There is only the illusion of solace in beauty. If age and disability teach us anything, it is that investing in beauty will never set us free. Beauty has always been hurled as a weapon. It has always taken the form of an exclusive club; and supposed protection against violence, isolation and pain, but this is a myth. It is not true, even for those accepted in to the club. I don’t think we can reclaim beauty.
Magnificence has always been with us. Always been there in the freak shows—staring back at the gawking crowd, in the back rooms of the brothels, in the fields fresh with cotton, on the street corners in the middle of the night, as the bombs drop, in our breaths after surviving the doctor’s office, crossing the border, in the first quiet moments of a bloody face after the attack is done. Magnificence was there.
Magnificence was with me in the car rides home after long days being dehumanized, abused and steeled in the medical industrial complex. It was there with me when I took my first breaths in my mother’s arms in Korea, and a week later those first days alone without her realizing I wasn’t going home.
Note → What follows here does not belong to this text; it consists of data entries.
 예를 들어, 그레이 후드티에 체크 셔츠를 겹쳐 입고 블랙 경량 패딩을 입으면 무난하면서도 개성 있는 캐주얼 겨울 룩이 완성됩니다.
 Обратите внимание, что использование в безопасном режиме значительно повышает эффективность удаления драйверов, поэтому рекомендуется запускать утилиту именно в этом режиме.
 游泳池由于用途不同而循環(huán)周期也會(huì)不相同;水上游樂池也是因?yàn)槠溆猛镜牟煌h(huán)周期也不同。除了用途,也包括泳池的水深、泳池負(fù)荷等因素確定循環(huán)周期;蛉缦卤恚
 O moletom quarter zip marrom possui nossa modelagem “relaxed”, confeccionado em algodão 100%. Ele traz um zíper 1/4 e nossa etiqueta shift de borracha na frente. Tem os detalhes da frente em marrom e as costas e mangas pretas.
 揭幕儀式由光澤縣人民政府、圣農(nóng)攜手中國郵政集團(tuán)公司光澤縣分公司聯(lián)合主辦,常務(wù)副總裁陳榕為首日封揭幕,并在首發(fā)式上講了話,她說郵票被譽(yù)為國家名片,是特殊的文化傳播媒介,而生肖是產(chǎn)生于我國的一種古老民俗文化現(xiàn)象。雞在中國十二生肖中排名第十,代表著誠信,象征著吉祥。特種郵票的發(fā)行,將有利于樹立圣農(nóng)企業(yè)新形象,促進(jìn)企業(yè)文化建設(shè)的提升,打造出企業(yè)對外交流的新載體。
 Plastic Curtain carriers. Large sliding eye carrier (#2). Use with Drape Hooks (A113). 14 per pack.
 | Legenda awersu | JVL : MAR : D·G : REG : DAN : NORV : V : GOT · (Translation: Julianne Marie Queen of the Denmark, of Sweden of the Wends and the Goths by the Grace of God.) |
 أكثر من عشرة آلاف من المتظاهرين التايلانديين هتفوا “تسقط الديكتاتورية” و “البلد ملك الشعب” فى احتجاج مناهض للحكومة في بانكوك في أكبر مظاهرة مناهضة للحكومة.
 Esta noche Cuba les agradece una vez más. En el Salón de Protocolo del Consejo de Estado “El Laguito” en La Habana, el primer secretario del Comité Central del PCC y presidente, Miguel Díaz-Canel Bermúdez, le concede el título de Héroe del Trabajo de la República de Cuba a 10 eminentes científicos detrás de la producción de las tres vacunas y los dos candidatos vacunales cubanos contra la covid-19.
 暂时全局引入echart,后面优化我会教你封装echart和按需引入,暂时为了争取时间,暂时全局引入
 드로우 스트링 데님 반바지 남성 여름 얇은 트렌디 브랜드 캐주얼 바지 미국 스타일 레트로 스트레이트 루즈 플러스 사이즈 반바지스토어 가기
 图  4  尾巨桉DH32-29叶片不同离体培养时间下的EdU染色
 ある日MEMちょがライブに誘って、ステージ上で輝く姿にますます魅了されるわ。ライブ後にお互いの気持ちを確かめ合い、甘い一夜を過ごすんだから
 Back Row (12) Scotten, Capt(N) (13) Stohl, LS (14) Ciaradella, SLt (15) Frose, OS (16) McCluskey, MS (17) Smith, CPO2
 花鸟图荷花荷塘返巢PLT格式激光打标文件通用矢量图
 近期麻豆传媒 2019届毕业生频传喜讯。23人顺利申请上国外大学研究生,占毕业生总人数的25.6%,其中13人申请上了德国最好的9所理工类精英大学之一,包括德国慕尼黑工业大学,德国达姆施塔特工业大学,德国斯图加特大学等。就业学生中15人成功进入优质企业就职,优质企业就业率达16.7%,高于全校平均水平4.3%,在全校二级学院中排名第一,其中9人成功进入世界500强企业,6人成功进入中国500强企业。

Magnificence has always been with us.
If we are ever unsure about what femme should be or how to be femme, we must move toward the ugly. Not just the ugly in ourselves, but the people and communities that are ugly, undesirable, unwanted, disposable, hidden, displaced. This is the only way that we will ever create a femme-ness that can hold physically disabled folks, dark skinned people, trans and gender non-conforming folks, poor and working class folks, HIV positive folks, people living in the global south and so many more of us who are the freaks, monsters, criminals, villains of our fairytales, movies, news stories, neighborhoods and world. This is our work as femmes of color: to take the notion of beauty (and most importantly the value placed upon it) and dismantle it (challenge it), not just in gender, but wherever it is being used to harm people, to exclude people, to shame people; as a justification for violence, colonization and genocide.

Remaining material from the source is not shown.